→ **RAW DATA**:
#####
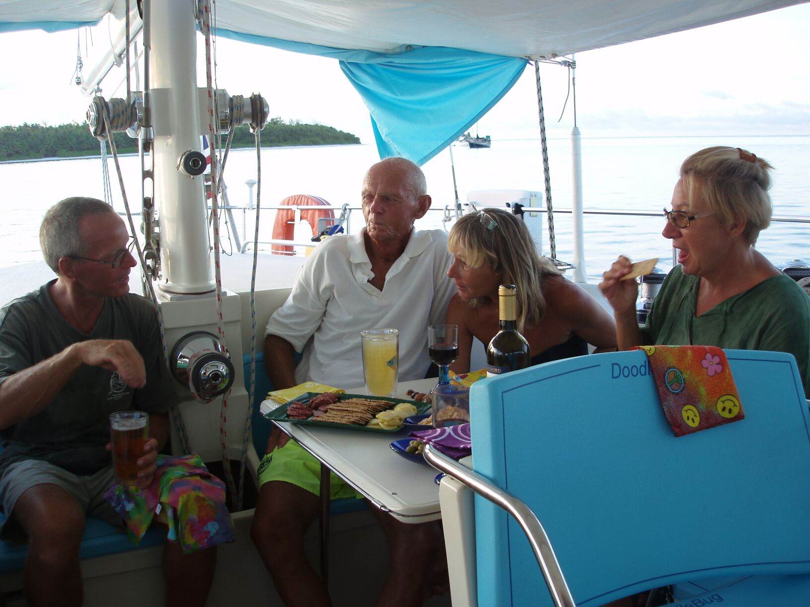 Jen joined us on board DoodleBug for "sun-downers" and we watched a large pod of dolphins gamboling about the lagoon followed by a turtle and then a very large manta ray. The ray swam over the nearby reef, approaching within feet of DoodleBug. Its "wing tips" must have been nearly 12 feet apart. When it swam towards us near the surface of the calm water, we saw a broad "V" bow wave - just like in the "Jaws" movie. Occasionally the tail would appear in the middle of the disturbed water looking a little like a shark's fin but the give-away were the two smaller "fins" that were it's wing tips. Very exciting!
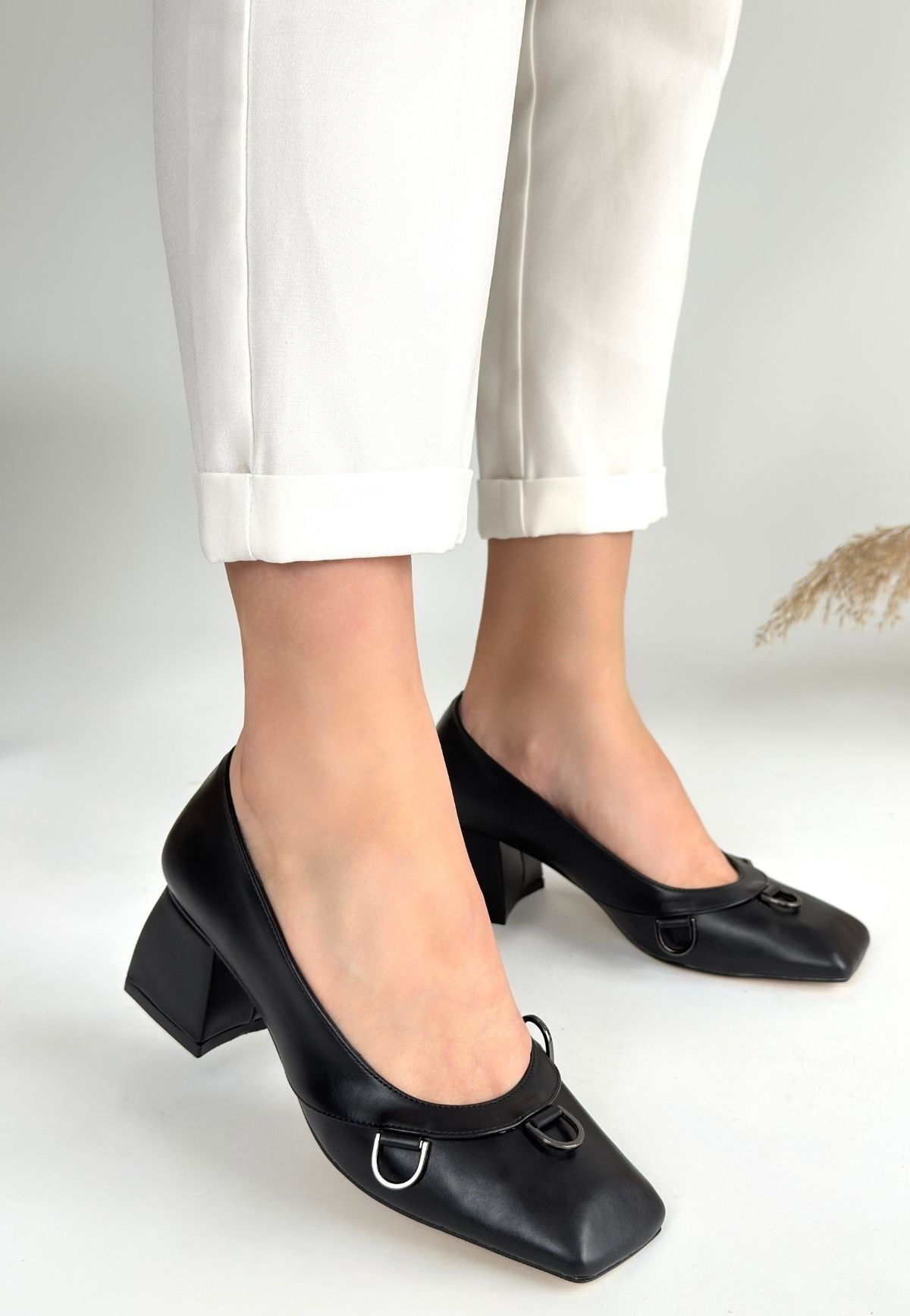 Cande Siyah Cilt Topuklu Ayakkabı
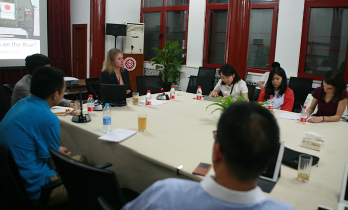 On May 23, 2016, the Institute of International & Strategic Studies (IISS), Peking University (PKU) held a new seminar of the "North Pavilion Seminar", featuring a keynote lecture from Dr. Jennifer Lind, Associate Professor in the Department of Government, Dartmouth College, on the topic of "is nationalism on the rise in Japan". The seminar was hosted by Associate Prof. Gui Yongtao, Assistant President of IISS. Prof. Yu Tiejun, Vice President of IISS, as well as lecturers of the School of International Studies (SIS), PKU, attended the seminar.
#####
→ **REQUIREMENT**:
Retype the listing exactly. Skip every picture.

→ **RESULT OF THIS EXERCISE**:
 Jen joined us on board DoodleBug for "sun-downers" and we watched a large pod of dolphins gamboling about the lagoon followed by a turtle and then a very large manta ray. The ray swam over the nearby reef, approaching within feet of DoodleBug. Its "wing tips" must have been nearly 12 feet apart. When it swam towards us near the surface of the calm water, we saw a broad "V" bow wave - just like in the "Jaws" movie. Occasionally the tail would appear in the middle of the disturbed water looking a little like a shark's fin but the give-away were the two smaller "fins" that were it's wing tips. Very exciting!
 Cande Siyah Cilt Topuklu Ayakkabı
 On May 23, 2016, the Institute of International & Strategic Studies (IISS), Peking University (PKU) held a new seminar of the "North Pavilion Seminar", featuring a keynote lecture from Dr. Jennifer Lind, Associate Professor in the Department of Government, Dartmouth College, on the topic of "is nationalism on the rise in Japan". The seminar was hosted by Associate Prof. Gui Yongtao, Assistant President of IISS. Prof. Yu Tiejun, Vice President of IISS, as well as lecturers of the School of International Studies (SIS), PKU, attended the seminar.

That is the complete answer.